# new on the forum from USA california



## CaliforniaTT (Jul 26, 2008)

we new here at the TT forums just introducing ourselves with me and my wife 2008 MK2 audi TT,here a couple of pics hopefully everyone likes it!,down here in USA the TTs is not out yet til next year but its ok since our TT haves the same horsepower that the TTs comes with,heres a small list of modifications

neuspeed intake
neuspeed power pulley
FORGE diverter valve
FORGE atmospheric blow off
APR chip (91 and 100 octane)

OSIR fron chin spoiler (first one in USA)
OSIR carbon fiber TOLSEN (first in USA)
upgraded front filler grill
smoked tailights
stock wheel powder coated in mat black


----------



## Adam RRS (May 25, 2006)

Hey! Nice Car!

Welcome to the site!


----------



## YELLOW_TT (Feb 25, 2004)

Welcome from across the pond


----------



## CaliforniaTT (Jul 26, 2008)

thank you thank you! these place is nice!


----------



## Wallsendmag (Feb 12, 2004)

Welcome to the forum ,where abouts in California are you ?


----------



## TTitan (May 11, 2007)

great looking car. say hi Arnie for me.

TTitan (jim)


----------



## CaliforniaTT (Jul 26, 2008)

wallsendmag said:


> Welcome to the forum ,where abouts in California are you ?


we just move from mission hills in the san fernando valley to reseda city for job reazons! , we are like 20 minutes from downtown LA


----------



## kmpowell (May 6, 2002)

Welcome! lovely stealth looking motor you've got there fella.

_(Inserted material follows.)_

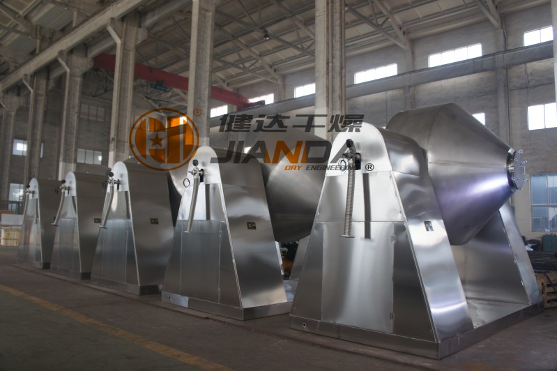 SZG系列雙錐回轉真空干燥機為雙錐形的回轉罐體,罐內在真空狀態下,向夾套內通入蒸汽或熱水進行加熱,熱量通過罐體內壁與濕物料接觸。濕物料吸熱后蒸發的水汽,通過真空泵經真空排氣管被抽走。由于罐體內處于真空狀態,且罐體的回轉使物料不斷的上下,內外翻動,故加快了物料的干燥速度,提高干燥效率,達到均勻干燥的目的。

How do you manage to run the diverter valve AND the atmospheric valve together?!?


----------



## CaliforniaTT (Jul 26, 2008)

it was easy since both are FORGE brand! i did the installation my self so is really hard to go down there and reach the turbo pieces! but here are some pics from stock valve and the FORGE valve along with the atmospheric adapter


----------